2) Yes, we can have different tokenizers or filters for index & search. We
need not create a different fieldtype. We need to configure the same
fieldtype (datatype) for index & search analyzers sections differently.
e.g.
<fieldType name="textSpell" class="solr.TextField"
positionIncrementGap="100" stored="false" multiValued="true">
*<analyzer type="index">*
<tokenizer class="solr.StandardTokenizerFactory"/>
<filter class="solr.LowerCaseFilterFactory"/>
<!--<filter class="solr.SynonymFilterFactory"
synonyms="Synonyms.txt" ignoreCase="true" expand="false"/>-->
<filter class="solr.StopFilterFactory" ignoreCase="true"
words="stopwords.txt"/>
<filter class="solr.StandardFilterFactory"/>
<filter class="solr.RemoveDuplicatesTokenFilterFactory"/>
</analyzer>
* <analyzer type="query">*
<tokenizer class="solr.StandardTokenizerFactory"/>
<filter class="solr.LowerCaseFilterFactory"/>
<filter class="solr.StandardFilterFactory"/>
<filter class="solr.RemoveDuplicatesTokenFilterFactory"/>
</analyzer>
</fieldType>
Regards,
Abhay
On Tue, Sep 15, 2009 at 6:41 PM, Shashikant Kore <[email protected]>wrote:
> Hi,
>
> I am familiar with Lucene and trying out Solr.
>
> I have index which was created outside solr.
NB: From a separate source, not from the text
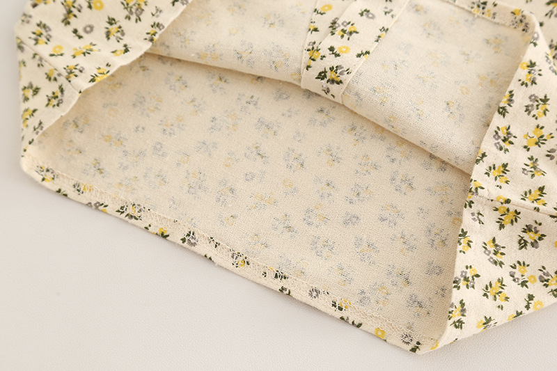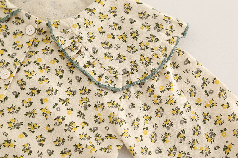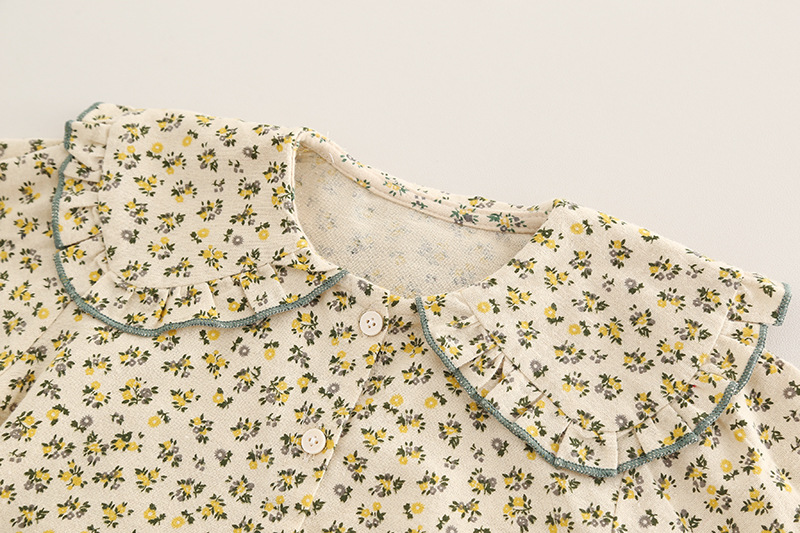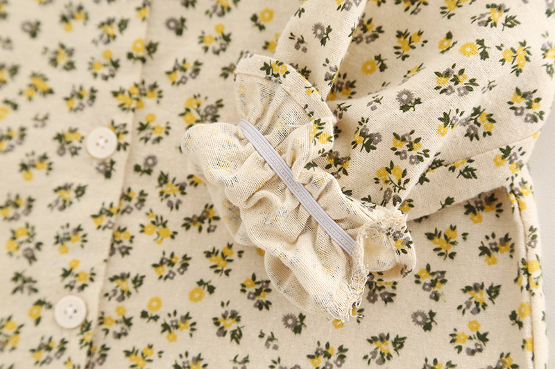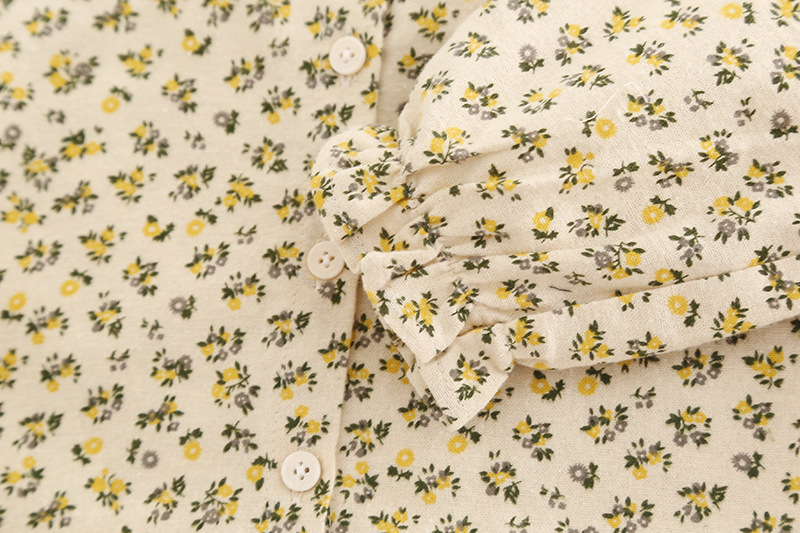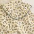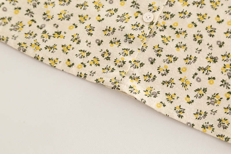 – Cămașă din bumbac cu imprimeu floral, pe fundal crem, decorată cu flori mici galben-verzui. Gulerul tip „Peter Pan” este accentuat cu volănașe și tiv contrastant, iar mânecile ușor încrețite cu elastic adaugă un plus de delicatețe.

The index is fairly
> simple with two field - document_id & content. The query result needs
> to return all the document IDs. The result need not be ordered by the
> score. For this, in Lucene, I use custom hit collector with search to
> get results quickly. The index has a few million documents and queries
> returning hundreds of thousands of documents are not uncommon. So, the
> speed is crucial here.
>
> Since retrieving the document_id for each document is slow, I am using
> FileldCache to store the values of document_id. For all the results
> collected (in a bitset) with hit collector, document_id field is
> retrieved from the fieldcache.
>
> 1. How can I effectively disable scoring? I have read that
> ConstantScoreQuery is quite fast, but from the code, I see that it is
> used only for wildcard queries. How can I use ConstantScoreQuery for
> all the queries (boolean, term, phrase, ..)? Also, is
> ConstantScoreQuery as fast as a custom hit collector?
>
> 2. How can Solr take advantage of the fieldcache while returning the
> field document_id? The documentation says, fieldcache can be
> explicitly auto warmed with Solr. If fieldcache is available and
> initialized at the beginning, will solr look into the cache to
> retrieve the fields to be returned?
>
> 3. If there is an additional field for stemmed_content on which search
> needs to use different analyzer, I suppose, that could be specified by
> fieldType attribute in the schema.
>
> Thank you,
>
> --shashi
>